KabarOto.com - Penyebaran virus Corona (Covid-19) yang semakin mengkhawatirkan, memaksa sejumlah industri termasuk otomotif, menghentikan sementara kegiatan produksinya, untuk mencegah penyebaran virus berbahaya tersebut semakin meluas.

Salah satu yang terkena dampaknya adalah produsen mobil sport Porsche. Beberapa waktu lalu, pabrikan asal Jerman tersebut terpaksa menghentikan kegiatan produksinya selama dua minggu sejak 21 maret 2020.

Baca Juga: PSBB Diperluas, Daihatsu Perpanjang Masa Pemberhentian Sementara Operasional

Namun karena terjadi hambatan dalam rantai pasokan global, dari suplier-suplier komponen di negara lain, pabrik Porsche akhirnya tetap ditutup selama total enam minggu.

Setelah menghentikan sementara, akhirnya mulai Senin (04/05), Porsche memutuskan untuk membuka kembali pabriknya, dan menyusun rencana produksi secara bertahap hingga dapat beroperasi penuh dalam waktu tak terlalu lama.

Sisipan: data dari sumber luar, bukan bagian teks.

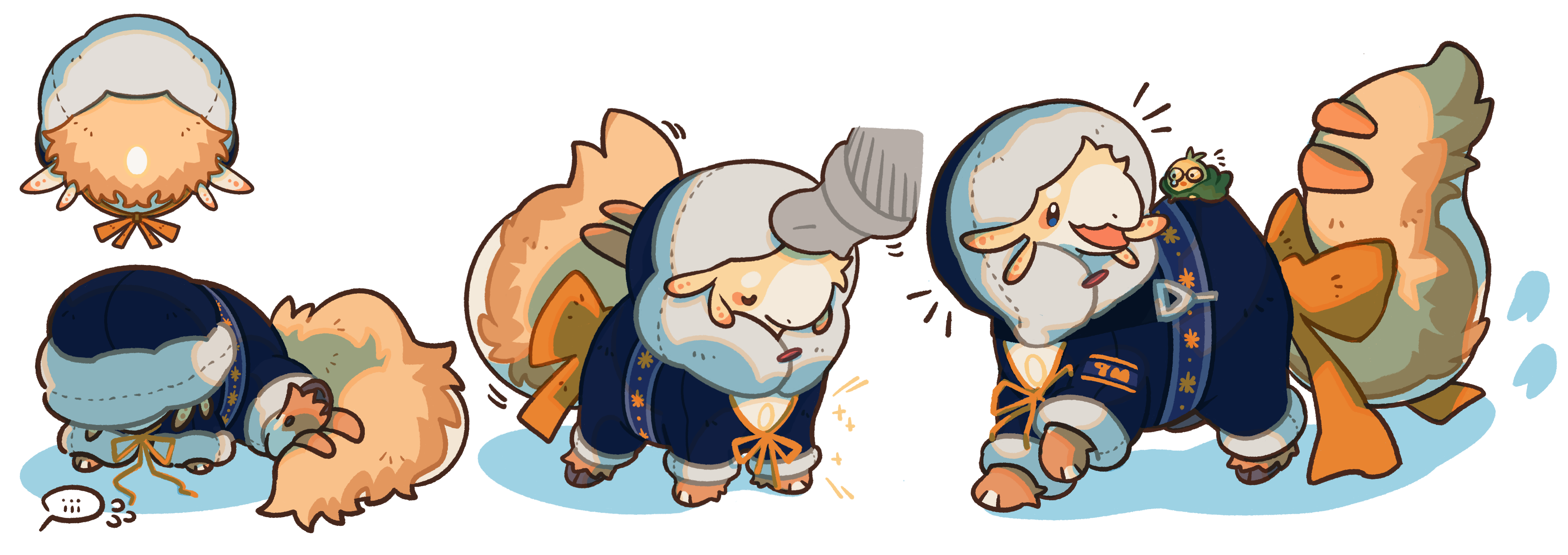 “나는 테이머를 따라서 여기에 살고 있어! 자, 이야기는 모닥불 앞에서 해줄 테니 어서 가자. 오늘은 눈이 아주아주 많이 내리는 날이라 밖은 위험하거든!”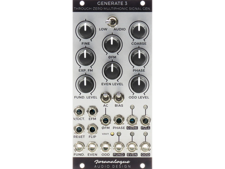 Any signal can be expressed in terms of a few parameters: frequency, phase, amplitude and timbre. It is through modulation of these aspects that synthesists create electronic sound. With Generate 3, it is now possible to create a signal and control all its parameters by through-zero modulation within a single 12 HP wide module.
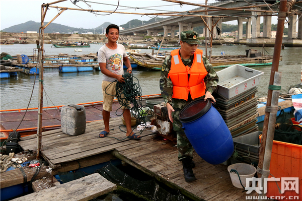 汕頭邊防支隊(duì)達(dá)濠邊防派出所官兵正在幫養(yǎng)殖戶收拾養(yǎng)魚(yú)工具。周峰 攝

Proses produksi akan dimulai secara bertahap

Meski telah dibuka, namun Porsche telah menyiapkan berbagai upaya, untuk menjamin proses produksi berjalan lancar dan aman sesuai dengan protokol kesehatan Covid-19, di pabrik mereka di Zuffenhausen dan Leipzig, Jerman.

"Semua tindakan yang diperlukan telah diambil di muka untuk menjamin keselamatan maksimum yang mungkin bagi karyawan dan sehingga produksi dapat ditingkatkan secara bertahap hingga kapasitas penuh," kata Albrecht Reimold, Anggota Dewan Eksekutif untuk Produksi dan Logistik di Porsche AG.

Baca Juga: Ini Cara Menghilangkan Bosan Akibat #DiRumahAja Ala Daihatsu

Lebih lanjut ia mengatakan, sebagai contoh penerapan protokol kesehatan, karyawan produksi diharuskan untuk mematuhi jarak minimum 1,50 meter, dan mengikuti aturan dasar bekerja dengan masker di area yang ditentukan.

"Sekarang adalah waktu yang tepat untuk melihat ke depan, dengan optimisme untuk melanjutkan pekerjaan. Namun kita harus tunduk pada tindakan pencegahan khusus," pungkas Albrecht.